>>11530988The axiom of infinity is bound by itself, or rather the size of the set of N.
There are not different sizes of infinity.
I believe cantor was troubled by the concept of bijecting "the set of reals" with "the set of naturals", as the set of reals is not well ordered. Although the set of naturals doesn't have a largest element, it at least has a smallest element, while cantor probably couldn't begin to imagine what the smallest element of the reals was, making it difficult to wrap your head around the concept of bijecting N to R when you can't even figure out where to map 1 from N to inside of R.
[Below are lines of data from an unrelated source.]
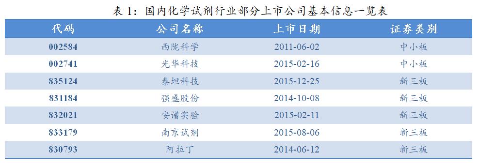 附件1:国内化学试剂行业部分上市公司年报摘录一览
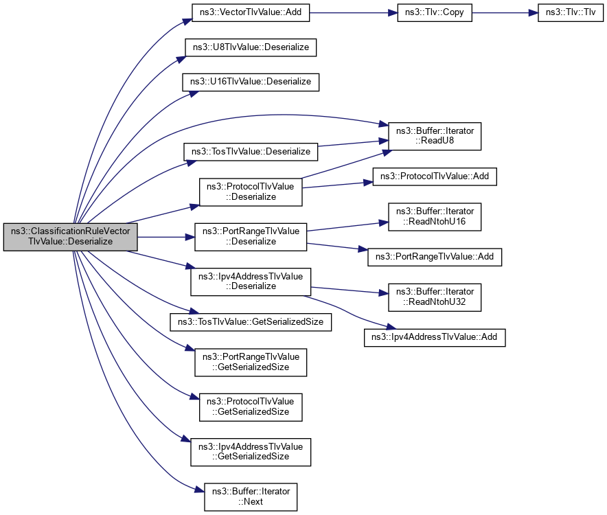 References ns3::VectorTlvValue::Add(), ns3::U8TlvValue::Deserialize(), ns3::U16TlvValue::Deserialize(), ns3::TosTlvValue::Deserialize(), ns3::PortRangeTlvValue::Deserialize(), ns3::ProtocolTlvValue::Deserialize(), ns3::Ipv4AddressTlvValue::Deserialize(), ns3::TosTlvValue::GetSerializedSize(), ns3::PortRangeTlvValue::GetSerializedSize(), ns3::ProtocolTlvValue::GetSerializedSize(), ns3::Ipv4AddressTlvValue::GetSerializedSize(), Index, IP_dst, IP_src, ns3::Buffer::Iterator::Next(), Port_dst, Port_src, Priority, Protocol, ns3::Buffer::Iterator::ReadU8(), ToS, and WIMAX_TLV_EXTENDED_LENGTH_MASK.
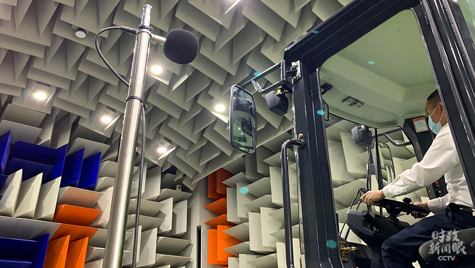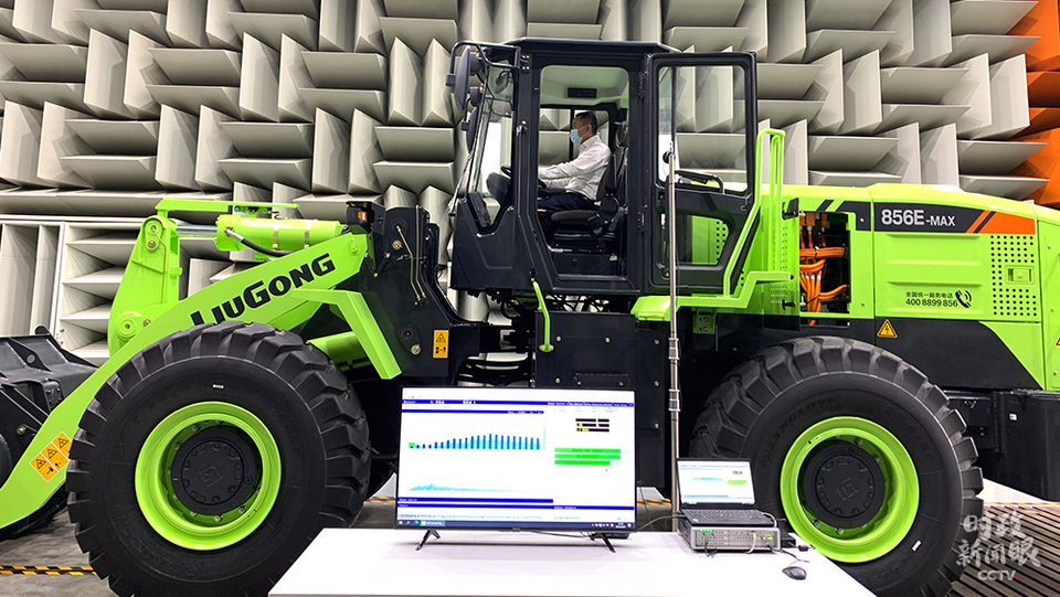 △研發(fā)中心的半消聲實(shí)驗(yàn)室正在為一款純電動(dòng)裝載機(jī)檢測(cè)噪聲數(shù)據(jù)。(總臺(tái)央視記者程鋮、張曉鵬拍攝)
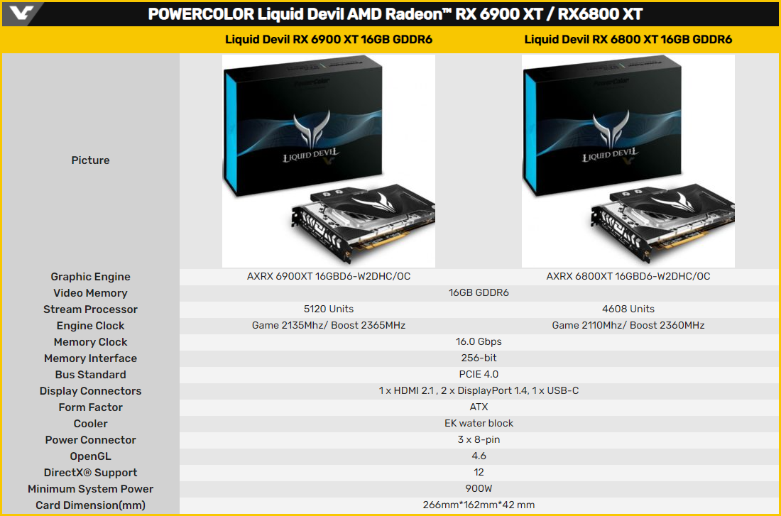Корпорация TUL, известная под брендом PowerColor, анонсировала поступление в продажу видеокарт Radeon RX 6800 XT и Radeon RX 6900 XT серии Liquid Devil. Отличительной чертой этих моделей является предустановленный водоблок полного покрытия. Новинки также могут похвастаться платой альтернативного дизайна и заводским разгоном графического ядра AMD Navi 21.
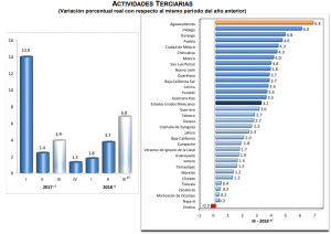 Las Actividades Terciarias conciernen a los sectores dedicados a la distribución de bienes y aquellas actividades vinculadas con operaciones de información y de activos, así como con servicios afines al conocimiento y experiencia personal; además, de los relacionados con la recreación y con la parte gubernamental, entre otros.  La entidad en estas actividades mostró una variación anual de 6.8% en el tercer trimestre de 2018, motivado, en especial, por el comercio; por los servicios financieros y de seguros; por las actividades legislativas, gubernamentales y de impartición de justicia; por los servicios inmobiliarios y de alquiler de bienes muebles e intangibles; y por los servicios de alojamiento temporal y de preparación de alimentos y bebidas.  Derivado de este escenario, la entidad se ubicó en el primer lugar de crecimiento.
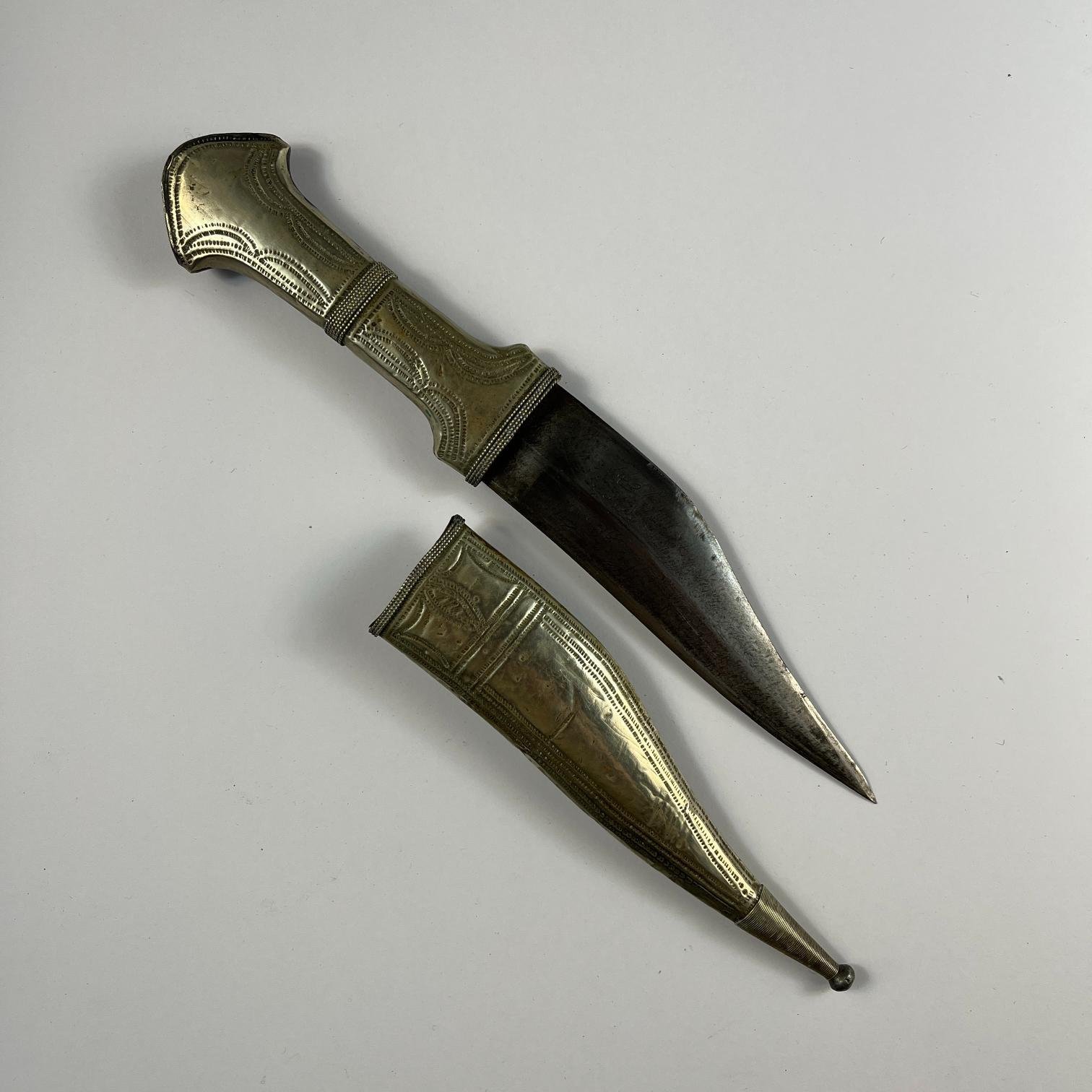 Jambiya marroquí. Cabo y vaina en plata repujada, con dorso en hojalata y torzal en alambre plateado. Largo 24 cm.
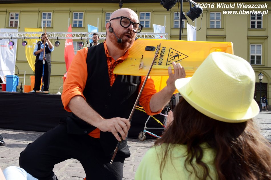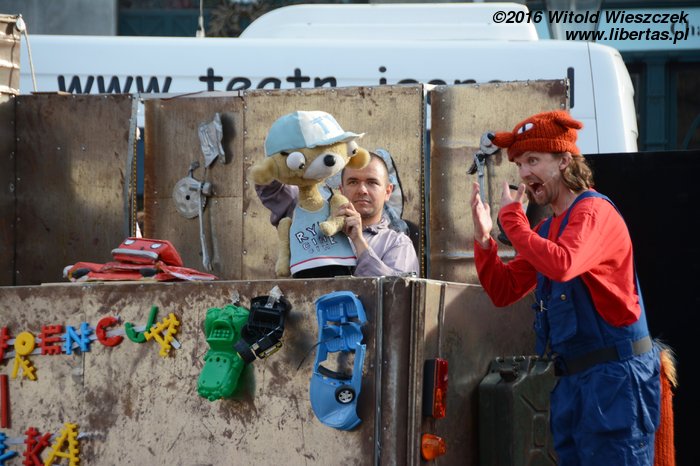 Wybór, od jakiego przedstawienia zacząć festiwalową przygodę, nigdy nie jest prosty, zwłaszcza że propagandowa ulotka zachwala wszystkie spektakle, a z doświadczenia wiem, że zderzenie pochlebnych recenzji z rzeczywistością potrafi sprawić żądnemu wrażeń widzowi nie lada zawód. W tym roku Festiwal udało mi się zacząć bardzo dobrze, a wszystko dzięki Braciom Jashgawronsky i ich śmietnikowi. Występ przyrównałbym do popisów tria Pawła Morocco sprzed roku – barwny, udźwiękowiony spektakl komediowy dla widza w każdym wieku. Twórcze wykorzystanie śmieci jako instrumentów muzycznych wraz z cyrkowymi i muzycznymi talentami, podarowały wszystkim widzom niezapomnianą godzinę zabawy, udowadniając, że jeśli komuś w duszy gra muzyka, to instrumenty znajdą się wszędzie. Publiczność nie uciekała, owacje były gromkie, to chyba najlepsza recenzja i najwyższa dla artystów nagroda.
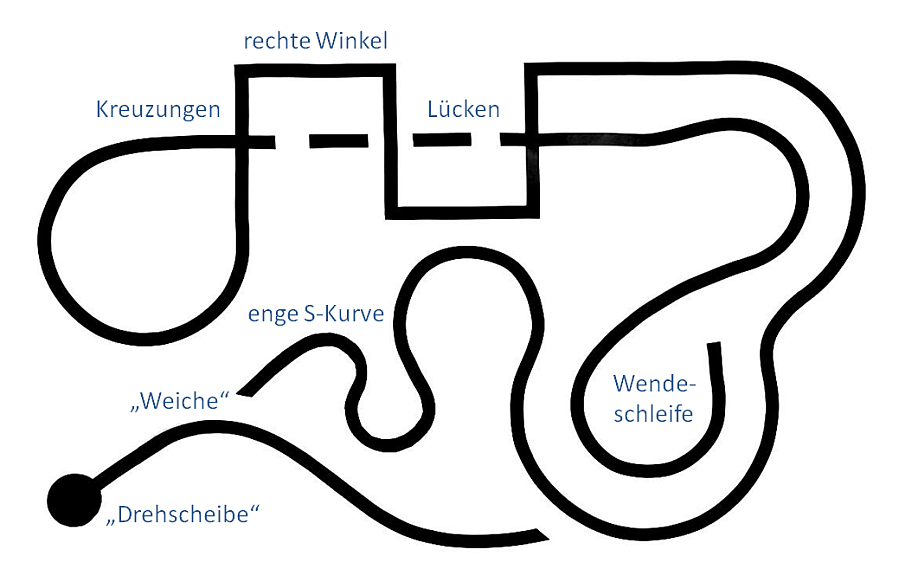 Den Kurs für den Line Follower habe ich aus schwarzen PVC-Isolierband von 15 mm Breite auf weißen Bastelkarton geklebt. Dieser Kurs enthält einige Herausforderungen (siehe Bild), denen sich meine Software zu stellen hatte.
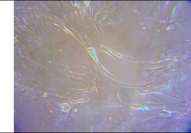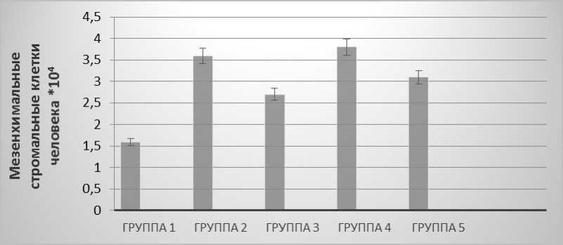 При анализе морфофизиологических особенностей культивируемых мезенхимальных стволовых клеток человека из пупочного канатика было выявлено, что стволовые клетки человека, используемые в работе, относились к первичной выделенной культуре 4-го пассажа.
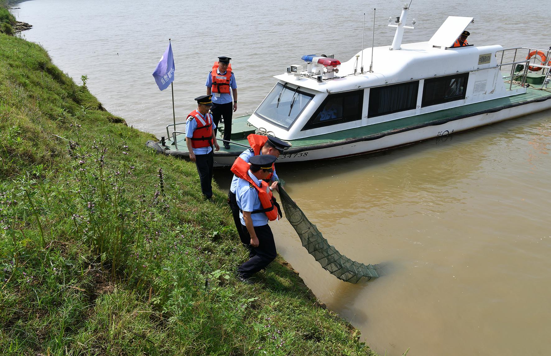 5月29日,安徽省阜南縣公安局森林民警和農(nóng)業(yè)執(zhí)法人員在淮河流域曹集鎮(zhèn)段收繳非法捕撈漁具。阜南縣公安局聯(lián)合縣農(nóng)業(yè)執(zhí)法大隊(duì)、市場監(jiān)督管理局等部門開展淮河流域水上聯(lián)合巡查行動,筑牢淮河生態(tài)環(huán)境安全屏障。

But there are two notions that can be extracted from the axiom of infinity's application to N
1. the "infinite'th" decimal place exists inside N
2. it's size is arbitrarily large and undefinable by a real number
Bijecting the set of N into a new empty set K populated by means that, K, when ALL it's members are accounted for, contains a number in an undefinable index location that is essentially equivalent to = "0.000....1"
which would therefore probably have to be the first element of R given an ordered R.
Given a disordered R, the easiest way of looking at it is just bijecting N countably through arbitrary known/discoverable elements of R.
N: [1,2,3,4,5,...]
R: [0.333..., pi, e, graham's, ... ]
such that N1=0.333, N2=pi, etc.
and there's no honest reason that shouldn't work.